I was quite proud of a couple of the written answers I gave. One asked for an analysis of perspective as seen in a medieval cathedral. The other: analyze the Behrens turbine factory according to Semper’s theoretic structure. I was surprised by my response to this. While the building itself seemed to me like any other factory, I had a great time creating a little story based on conceptual images for hearth, container, framework, and wrap. I also had rather a fun time with the Barcelona Pavilion; I’m sure I missed the mark entirely, but since I come from a land of narratives, I again came up with a story of the posts pushing themselves up from the ground and being restrained from overreaching. I was a bit shocked to be reminded of this in the last week with the Berlin monument: again, a sense of reaching up from the ground, but a far more somber, and important, sense and purpose.

However, I must admit most of my answers were mediocre at best.
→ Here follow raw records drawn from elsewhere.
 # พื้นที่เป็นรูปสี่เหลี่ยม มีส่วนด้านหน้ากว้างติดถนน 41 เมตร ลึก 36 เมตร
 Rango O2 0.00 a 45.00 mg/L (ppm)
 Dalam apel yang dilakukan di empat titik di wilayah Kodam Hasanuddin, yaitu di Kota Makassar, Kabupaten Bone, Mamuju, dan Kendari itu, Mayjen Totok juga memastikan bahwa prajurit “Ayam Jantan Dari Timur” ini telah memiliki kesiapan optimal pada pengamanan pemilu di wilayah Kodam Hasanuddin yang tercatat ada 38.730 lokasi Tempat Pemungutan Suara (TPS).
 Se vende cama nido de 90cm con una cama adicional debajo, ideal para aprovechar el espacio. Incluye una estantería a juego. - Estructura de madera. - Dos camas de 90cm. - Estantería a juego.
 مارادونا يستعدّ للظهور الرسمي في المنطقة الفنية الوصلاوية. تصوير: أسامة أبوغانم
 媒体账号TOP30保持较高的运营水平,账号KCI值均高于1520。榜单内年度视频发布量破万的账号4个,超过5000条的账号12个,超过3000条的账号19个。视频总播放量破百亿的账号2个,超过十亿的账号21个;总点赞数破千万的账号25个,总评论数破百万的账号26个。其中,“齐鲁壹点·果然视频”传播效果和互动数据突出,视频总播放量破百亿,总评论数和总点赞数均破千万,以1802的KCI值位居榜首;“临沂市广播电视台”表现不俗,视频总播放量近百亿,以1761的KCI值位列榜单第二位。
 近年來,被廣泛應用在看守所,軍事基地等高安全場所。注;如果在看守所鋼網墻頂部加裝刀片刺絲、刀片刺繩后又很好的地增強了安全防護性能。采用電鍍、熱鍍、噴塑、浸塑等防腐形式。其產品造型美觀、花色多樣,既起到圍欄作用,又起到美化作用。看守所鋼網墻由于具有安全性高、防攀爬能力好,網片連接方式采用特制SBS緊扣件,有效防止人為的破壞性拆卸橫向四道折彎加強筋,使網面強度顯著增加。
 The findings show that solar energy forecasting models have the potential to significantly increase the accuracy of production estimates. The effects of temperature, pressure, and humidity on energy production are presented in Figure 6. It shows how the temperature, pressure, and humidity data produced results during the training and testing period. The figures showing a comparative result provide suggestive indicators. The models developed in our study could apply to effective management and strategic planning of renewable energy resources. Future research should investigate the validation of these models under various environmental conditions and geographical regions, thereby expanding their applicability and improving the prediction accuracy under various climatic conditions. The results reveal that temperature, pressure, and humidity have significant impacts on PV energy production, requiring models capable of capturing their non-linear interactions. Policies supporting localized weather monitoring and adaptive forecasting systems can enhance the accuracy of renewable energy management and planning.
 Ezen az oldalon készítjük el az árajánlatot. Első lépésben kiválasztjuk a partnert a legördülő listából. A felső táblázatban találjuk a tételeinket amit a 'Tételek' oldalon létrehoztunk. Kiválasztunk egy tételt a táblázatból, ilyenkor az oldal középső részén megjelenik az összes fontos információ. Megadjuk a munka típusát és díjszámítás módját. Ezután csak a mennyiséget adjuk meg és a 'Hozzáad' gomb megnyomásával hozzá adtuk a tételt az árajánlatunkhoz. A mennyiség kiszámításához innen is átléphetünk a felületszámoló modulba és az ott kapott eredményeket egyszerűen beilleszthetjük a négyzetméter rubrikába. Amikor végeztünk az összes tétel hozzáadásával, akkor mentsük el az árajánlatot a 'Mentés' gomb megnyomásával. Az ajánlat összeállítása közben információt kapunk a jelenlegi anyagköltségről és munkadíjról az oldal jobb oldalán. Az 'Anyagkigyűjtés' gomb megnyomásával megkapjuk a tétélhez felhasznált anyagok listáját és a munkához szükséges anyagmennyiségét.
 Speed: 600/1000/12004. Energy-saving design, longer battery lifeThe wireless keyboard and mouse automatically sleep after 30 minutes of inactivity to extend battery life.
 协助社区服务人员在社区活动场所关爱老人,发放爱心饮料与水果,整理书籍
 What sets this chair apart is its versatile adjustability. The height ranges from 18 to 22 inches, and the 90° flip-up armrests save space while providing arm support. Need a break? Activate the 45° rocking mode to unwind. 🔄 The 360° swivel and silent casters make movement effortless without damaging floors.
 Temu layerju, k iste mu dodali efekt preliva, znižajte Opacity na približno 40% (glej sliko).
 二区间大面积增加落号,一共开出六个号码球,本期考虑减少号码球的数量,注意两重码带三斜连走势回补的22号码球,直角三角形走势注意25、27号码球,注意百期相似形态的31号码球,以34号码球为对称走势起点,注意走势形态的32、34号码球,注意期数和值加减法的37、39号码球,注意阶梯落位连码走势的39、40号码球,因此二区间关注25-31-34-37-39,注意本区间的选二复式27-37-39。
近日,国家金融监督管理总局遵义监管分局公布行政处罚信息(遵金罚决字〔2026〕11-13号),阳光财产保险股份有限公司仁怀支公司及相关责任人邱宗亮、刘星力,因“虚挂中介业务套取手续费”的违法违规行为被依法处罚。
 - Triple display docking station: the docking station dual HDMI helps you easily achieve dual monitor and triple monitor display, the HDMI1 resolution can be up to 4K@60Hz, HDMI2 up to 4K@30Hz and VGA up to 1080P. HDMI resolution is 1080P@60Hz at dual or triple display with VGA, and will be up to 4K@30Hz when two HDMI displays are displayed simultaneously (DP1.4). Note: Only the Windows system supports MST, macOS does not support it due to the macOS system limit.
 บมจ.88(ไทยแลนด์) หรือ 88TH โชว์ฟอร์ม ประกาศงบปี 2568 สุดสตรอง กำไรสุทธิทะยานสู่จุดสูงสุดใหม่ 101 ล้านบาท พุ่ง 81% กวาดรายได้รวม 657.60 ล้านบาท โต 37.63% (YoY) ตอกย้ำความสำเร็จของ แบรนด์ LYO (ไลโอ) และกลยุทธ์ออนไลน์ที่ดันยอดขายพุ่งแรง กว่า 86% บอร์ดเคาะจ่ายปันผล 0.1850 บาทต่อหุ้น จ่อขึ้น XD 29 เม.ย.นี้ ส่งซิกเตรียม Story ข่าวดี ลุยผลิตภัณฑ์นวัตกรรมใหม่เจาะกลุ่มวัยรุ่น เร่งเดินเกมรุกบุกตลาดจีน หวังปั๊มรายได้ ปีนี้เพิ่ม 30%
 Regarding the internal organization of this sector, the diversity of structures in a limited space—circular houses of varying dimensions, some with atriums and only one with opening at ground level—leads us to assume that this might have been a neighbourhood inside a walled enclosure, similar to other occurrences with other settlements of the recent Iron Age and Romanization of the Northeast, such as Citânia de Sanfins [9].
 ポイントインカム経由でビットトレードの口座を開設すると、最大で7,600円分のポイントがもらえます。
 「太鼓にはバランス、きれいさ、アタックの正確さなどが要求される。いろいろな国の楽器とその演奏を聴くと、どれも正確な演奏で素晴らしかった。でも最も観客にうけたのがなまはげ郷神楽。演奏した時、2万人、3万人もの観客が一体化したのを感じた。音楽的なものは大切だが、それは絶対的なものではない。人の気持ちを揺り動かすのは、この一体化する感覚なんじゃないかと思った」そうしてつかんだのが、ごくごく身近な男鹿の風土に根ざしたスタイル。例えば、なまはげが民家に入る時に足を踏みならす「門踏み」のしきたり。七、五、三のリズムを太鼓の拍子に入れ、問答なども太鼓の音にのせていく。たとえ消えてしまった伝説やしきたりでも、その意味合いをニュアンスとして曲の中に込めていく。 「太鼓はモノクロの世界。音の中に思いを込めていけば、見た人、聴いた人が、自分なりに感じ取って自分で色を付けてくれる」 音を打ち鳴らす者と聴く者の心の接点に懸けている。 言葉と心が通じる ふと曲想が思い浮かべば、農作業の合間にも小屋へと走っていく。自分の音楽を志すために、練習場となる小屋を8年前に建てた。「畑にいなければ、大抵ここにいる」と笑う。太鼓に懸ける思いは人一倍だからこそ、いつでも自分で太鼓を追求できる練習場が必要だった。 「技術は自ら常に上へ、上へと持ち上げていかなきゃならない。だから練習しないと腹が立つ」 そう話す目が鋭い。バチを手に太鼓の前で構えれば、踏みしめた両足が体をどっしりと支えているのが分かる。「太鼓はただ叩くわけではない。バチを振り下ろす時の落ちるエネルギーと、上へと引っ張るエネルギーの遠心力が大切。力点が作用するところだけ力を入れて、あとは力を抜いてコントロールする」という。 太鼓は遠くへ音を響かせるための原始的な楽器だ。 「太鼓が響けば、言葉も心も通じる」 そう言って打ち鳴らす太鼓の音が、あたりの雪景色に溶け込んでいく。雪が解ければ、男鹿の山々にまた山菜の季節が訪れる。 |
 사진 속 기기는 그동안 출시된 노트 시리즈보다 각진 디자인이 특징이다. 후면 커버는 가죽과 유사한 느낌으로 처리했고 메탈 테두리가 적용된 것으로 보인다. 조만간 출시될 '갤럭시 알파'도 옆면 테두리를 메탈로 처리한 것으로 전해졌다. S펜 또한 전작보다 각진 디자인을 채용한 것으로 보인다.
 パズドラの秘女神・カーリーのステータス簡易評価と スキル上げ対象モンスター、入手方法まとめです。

In the first week of the course, we were to give a sort of pre-course descriptive comparison of two buildings, paying attention to various general aspects: the relationship to the ground, the openings from inside to outside, that sort of thing. I wrote extensively about a very white building on a very green lawn, pegging it as some kind of high-tech research lab for genetic engineering or microcircuitry; it turned out, I discovered later, to be a world-famous house by Corbusier designed to provide a “democratic space” under the private space, and to allow great freedom of movement and vision. Could’ve fooled me. Did fool me.

Part of my problem is that I seem to be lacking any visual artistic sensibility. One building was described as having panes of glass “tilted slightly away from the base, tilted inward toward the building”; this gives “visual weight to the column” and “puts the glass plane on display as a plane.” At least, they tell me it does. Am I supposed to be able to sense that when I look at the pictures? Is this something that requires development, by looking at lots of buildings? If so, if it’s an acquired taste, doesn’t that make it artificial, something learned rather than a natural property, something about the physical structure that triggers brain activity in a certain way that means “weight”, in somewhat the same way that we know which end of an object is closer based on size differentials?

Yes, I really am this clueless, and it’s why I’m frustrated by every art-related course I take. I keep trying, though, and I’m grateful for courses like this one that let me see what is possible, even if I can’t join in.